Or if you don't want to type out a really lengthy type, or make a typedef for it.  See C++ iterators.

for (std::map<std::basic_string<char>, std::less<std::basic_string<char> >
>::const_iterator iter = container.begin(); iter != container.end(); ++iter)
{
    foo(*iter);
}

> Exploring the orthogonality of the feature... The "var" keyword could also
be
> allowed for function arguments, where it could implicitly define a
function
> template.

Interesting... you mean:

x.type() add(var x, var y)
{
    return x + y;
}

int u = add(2, 4);
float n = add(0.5f, 1.0f);
double j = add(2.5, 3.0);

Sounds nice;  it'd be even better if you can constrain the types to be derived from some interface

x.type() add(var x : addable, var y : addable)
{
    return x + y;
}
> Also, for functions with consistent return types, you could allow it
> for the return value (again, this would be important for situations where
you
> don't know the result type of an overloaded operator).  However, it would
look a
> bit odd if used as a return type:
>
> var foo(int x) {
> return x+1;
> }
>
> It kind of looks like foo should be a variable, not a function.  So you
might
> want to rename the keyword.  One choice would be to use "T" instead of
"var",
> but then writing templates would be a bit more annoying because you'd have
to
> come up with a name for your parameterized types.
>
> Even if this feature is not adopted, D should probably still have *some*
way of
> dealing with situations where you don't know the type of an expression.  I suppose you could allow use of a type() property wherever a type is
expected:
>
> (x+1).type() foo(SomeType x) {
> return x+1;
> }
>
> But that strikes me as a lot uglier than using "var" or "T".

Yes.  For one, you have to build the expression twice, once to get its type so you can declare the variable, and again for the actual value.

for (container.begin().type() iter = container.begin(); iter !=
container.end(); ++iter)
{
    *iter = 0;
}

> Kimberley Burchett
> Endeca, Inc


January 15, 2003
Sean L. Palmer wrote:
> "Kimberley Burchett" <kimbly at kimbly.comKimberley_member@pathlink.com>
> wrote in message news:b03d3k$2m8r$1@digitaldaemon.com...
> 
>>A small, simple feature suggestion.  The "var" keyword could introduce a

NOT SIMPLE i guess!

>>variable with an inferred type:
>>
>>void foo(int x) {
>>var y = x + 1;
>>printf("y is %d\n", y);
>>}
> 
> 
> YES!!!

Damn.
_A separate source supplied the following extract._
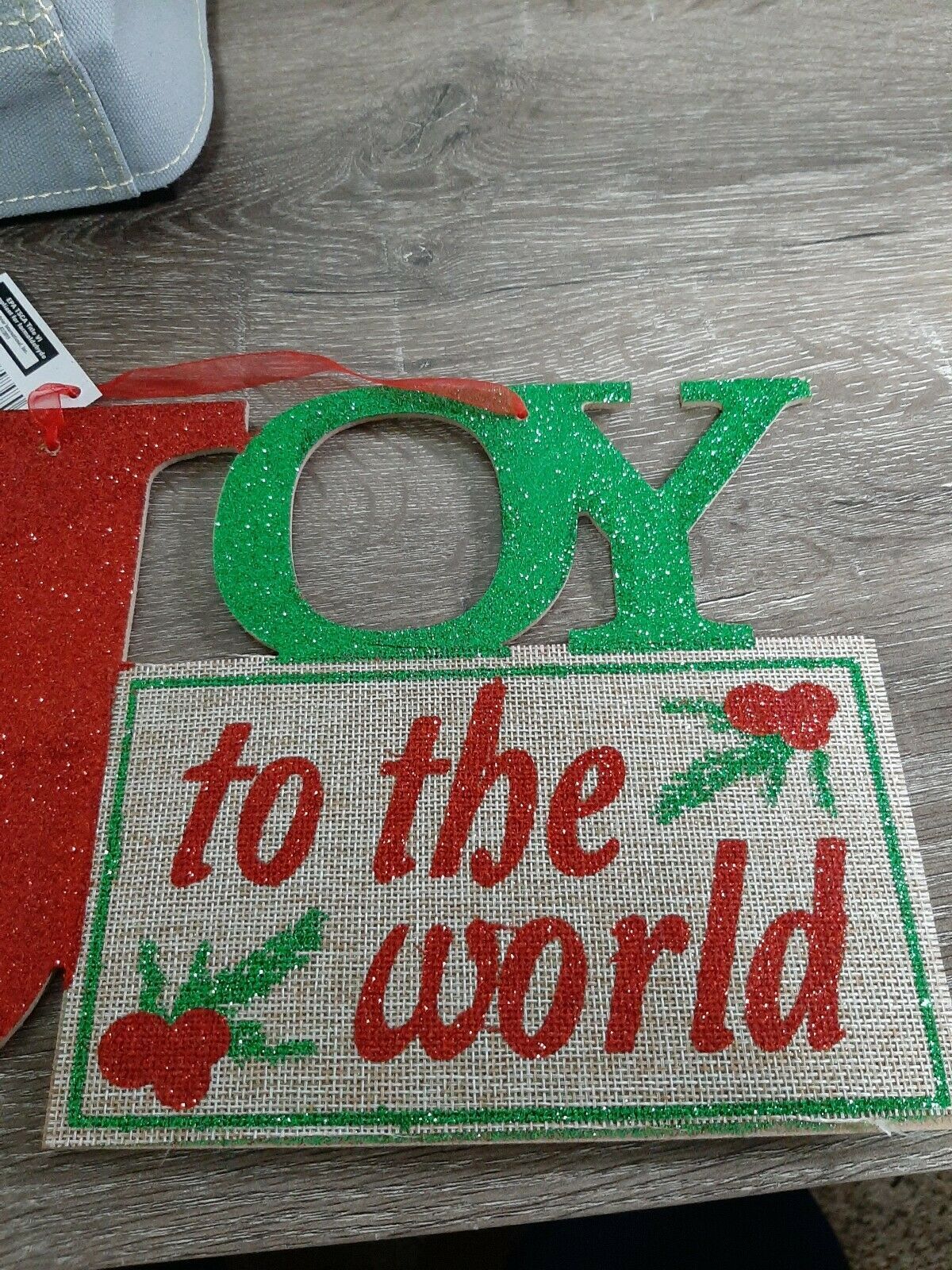 Joy to the world Wood hanging sign. Glitter . Condition is New. Shipped with USPS First Class Package within 24 hours.

It doesn't seem reliable to me. In Caml types are only inferred, but it has to do with a number of design limitations:
 - there are different sets of operators for all types of data. EG:
int + int, float +. float, bign +/ bign!!! If there's no such thing, you get error-prone situations. Well, that'd be no problem in Delphi, but in C derivates it is, because integer division and FP devision are the same operator here, but have a different meaning!
 - there are only two types of data structures: containing pointers and integers only, and containing no pointers.  Each float is a memory block/sctucture itself, except for designated array types, which can only be processed with special (C-external or VM-internal) functions. Both floats and arrays belong to no-pointer-block types.
 - all integers are the size of pointers -1 bit (eg 31 bit), because they are mangled so that the GC can differ pointer from integer.
 - either a function handles a pointer-sized type and would work with any of them, or it works with numeric types and can be identified by the operators.
 - "generic" functions working with pointers and integers never clean up and never change them, they can only copy them, leaving a ton of work to the mega-efficient GC.
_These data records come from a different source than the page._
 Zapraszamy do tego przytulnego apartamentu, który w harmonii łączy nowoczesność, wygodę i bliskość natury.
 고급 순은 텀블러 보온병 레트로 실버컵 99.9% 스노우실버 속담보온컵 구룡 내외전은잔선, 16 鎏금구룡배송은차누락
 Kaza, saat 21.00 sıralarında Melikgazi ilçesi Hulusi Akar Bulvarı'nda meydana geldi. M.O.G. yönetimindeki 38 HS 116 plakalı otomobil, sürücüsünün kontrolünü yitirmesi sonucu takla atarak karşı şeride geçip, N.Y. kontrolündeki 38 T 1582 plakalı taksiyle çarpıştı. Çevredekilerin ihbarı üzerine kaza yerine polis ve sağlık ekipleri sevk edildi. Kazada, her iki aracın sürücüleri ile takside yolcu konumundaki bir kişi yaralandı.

>>This feature is especially useful in situations where you don't *know* the type
>>of an expression.  For example, if the above example used a template so that x
>>has some unspecified type T, and the + operator for T were overloaded, then
>>there would be no way to know the type of T+int.  One could of course just
>>assume that it would be the same type as x itself, but that doesn't scale to
>>letting y store the result of arbitrary expressions.

OUCH! safer:
operator+ (T, int).type
if one really wants to know. I agree there should be some mechanism, but it must work statically, and thus be semantically identical to this one.

And what happenes if you take unspecified type of unspecified type of still not specified type?

A function can not be compiled without a type. Thus it would turn into something like a macro or a template. Or into C++ overloaded functions. Either you bloat everything, or you have to assign all that funcs names. And here we go again.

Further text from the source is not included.